Leonid S. Metelitsa, MD, PhD
Our research is focused on the immunobiology and therapeutic applications of Vα24-Jα18-invariant natural killer T cells (NKTs). NKTs are an evolutionarily conserved subset of innate lymphocytes that are characterized by expression of an invariant T cell receptor α-chain, Vα24-Jα18, and by reactivity to self- and microbial-derived glycolipids presented by monomorphic HLA class-I-like molecule CD1d. NKTs play a critical role in host defense by bridging innate and adaptive immunity, and they are highly conserved between mice and humans. Mounting evidence from both murine models and human studies indicates that NKTs have potent anti-tumor properties. Through exploring the mechanisms of NKT cell anti-tumor activity, we are developing and testing novel immunotherapeutic strategies against multiple types of cancer.
Our group was the first to observe that infiltration of NKTs into primary neuroblastoma tumors was associated with favorable clinical outcomes (Metelitsa et al, J Exp Med, 2004; Song et al, J Clin Invest, 2007), a finding that has since been extended to other malignancies. Interestingly, most solid tumors do not express CD1d and we found that NKTs indirectly affect tumor growth by recognizing and eliminating tumor-associated macrophages (TAMs), which provide critical stromal support for neuroblastoma cells (Song et al, J Clin Invest, 2009; Liu et al, J Clin Invest, 2012).

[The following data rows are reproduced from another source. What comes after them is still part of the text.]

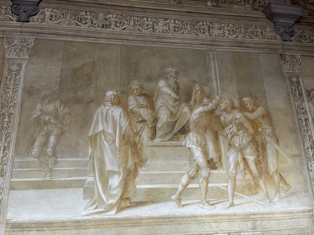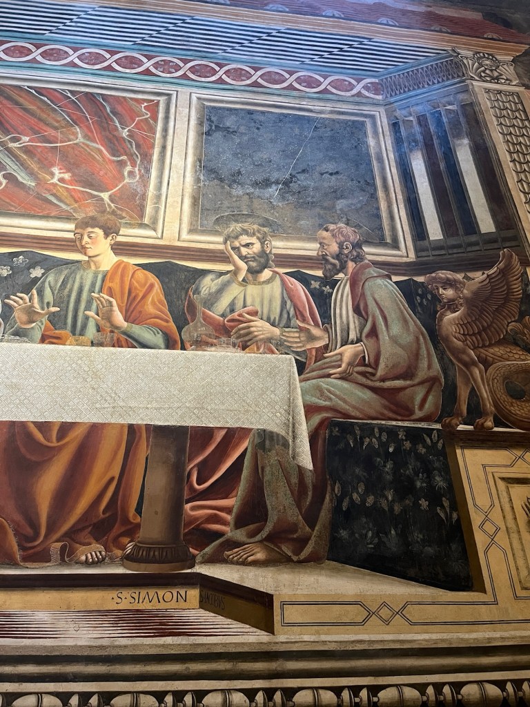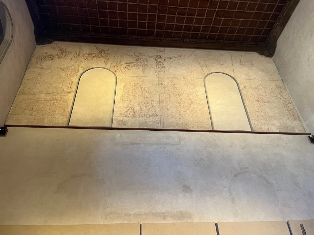 The fresco had been removed from the wall for conservation and the sinopia (the under painting which outlines the work) for the upper part of the fresco is now shown separately on the opposite wall.
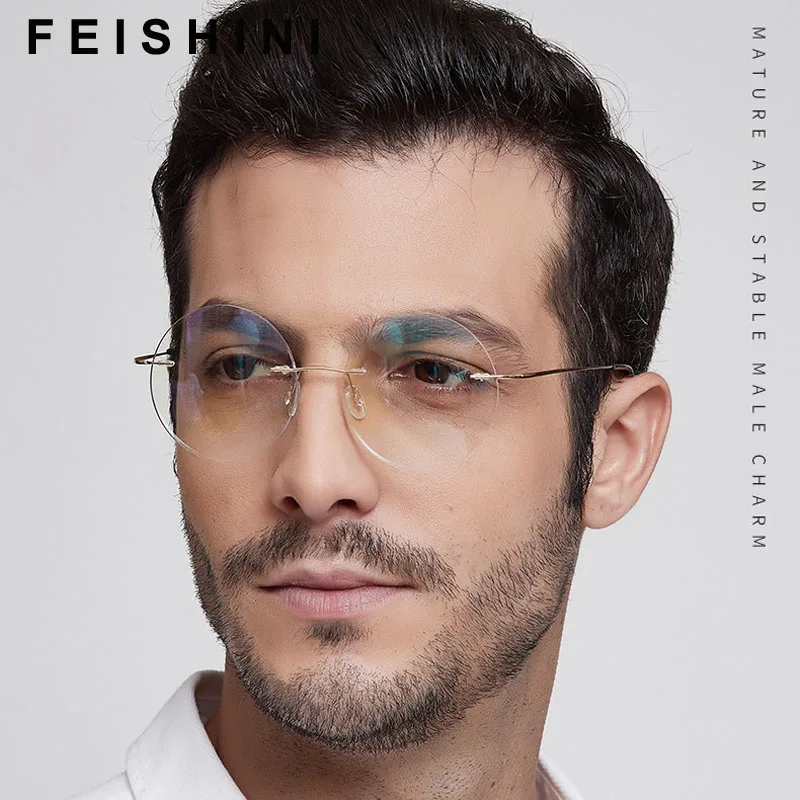 Круглые компьютерные очки Feishini без оправы, женские очки с защитой от излучения, металлические оправы унисекс, очки с защитой от синего света для мужчин
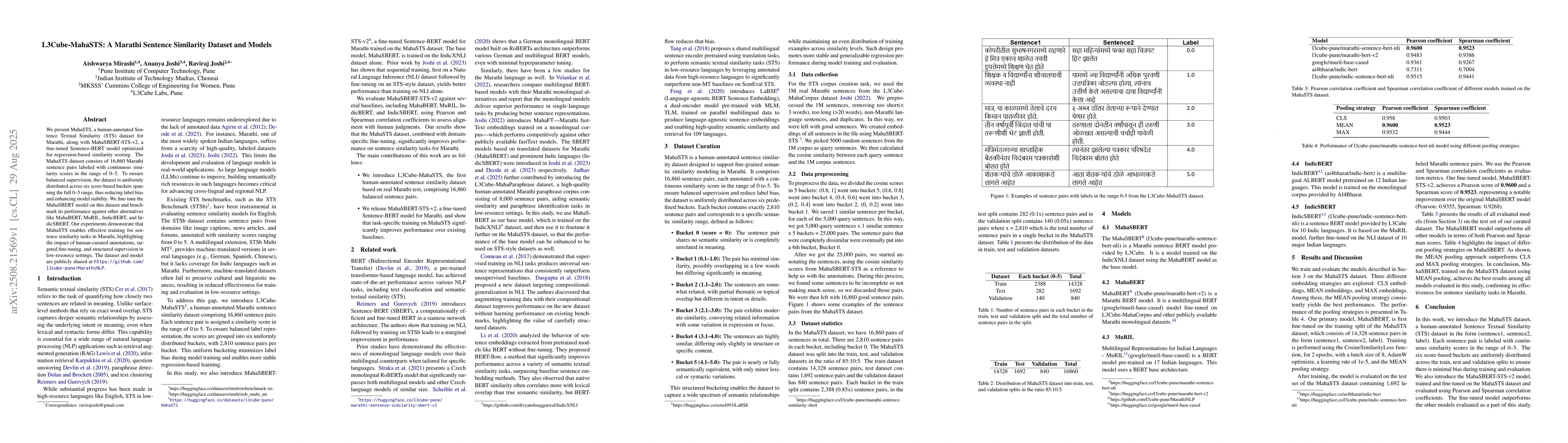 We present MahaSTS, a human-annotated Sentence Textual Similarity (STS) dataset for Marathi, along with MahaSBERT-STS-v2, a fine-tuned Sentence-BERT model optimized for regression-based similarity scoring. The MahaSTS dataset consists of 16,860 Marathi sentence pairs labeled with continuous similarity scores in the range of 0-5. To ensure balanced supervision, the dataset is uniformly distributed across six score-based buckets spanning the full 0-5 range, thus reducing label bias and enhancing model stability. We fine-tune the MahaSBERT model on this dataset and benchmark its performance against other alternatives like MahaBERT, MuRIL, IndicBERT, and IndicSBERT. Our experiments demonstrate that MahaSTS enables effective training for sentence similarity tasks in Marathi, highlighting the impact of human-curated annotations, targeted fine-tuning, and structured supervision in low-resource settings. The dataset and model are publicly shared at https://github.com/l3cube-pune/MarathiNLP

Capitalizing on the unique properties of NKTs to localize to the tumor site and target TAMs, we sought to develop an NKT-cell based platform for cancer immunotherapy. To that end, we engineered NKTs to express chimeric antigen receptors (CARs) specific for tumor-associated antigens, such as GD2 in neuroblastoma or CD19 in lymphoma. We demonstrated that, unlike CAR T cells, CAR NKT cells effectively localized to the tumor site and showed dual anti-tumor activity against GD2-positive tumor cells and CD1d-positive TAMs (Heczey et al, Blood, 2014). To enhance the therapeutic potential of NKTs and CAR NKTs, we developed an ex vivo expansion method for these cells that preserves the critical CD62L+ subset, which we have found to be required for NKT in vivo persistence and long-term tumor control (Tian et al, J Clin Invest, 2016).
Within the last two years, we have developed cGMP protocols for clinical scale manufacturing of CAR NKT cells. These efforts have resulted in initiation of the first clinical trial to test CAR NKT cells in humans (NCT03294954), GINAKIT2. This phase 1 trial will specifically evaluate the therapeutic effect of NKT cells expressing a GD2-specific construct in children with neuroblastoma. The optimized second-generation CAR construct will be expressed in combination with cytokine IL-15, which we have found to promote NKT cell survival and function within tumor tissues.
In parallel, we are preparing an IND submission for a first-in-human clinical trial of allogeneic NKT cells. Unlike T cells, NKTs are not allo-reactive and therefore CAR NKTs prepared from healthy donors can be used on demand in cancer patients without costly and time-consuming patient-specific cell manufacturing. In this project, NKTs expressing a novel CD19-specific CAR will be tested in patients with B cell malignancies.
Our research is supported by grants from NIH/NCI, CPRIT, the Leukemia & Lymphoma Society, Alex’s Lemonade Stand Foundation, the Cookies for Kids’ Cancer Foundation, and a co-development program between BCM and Cell Medica, Ltd.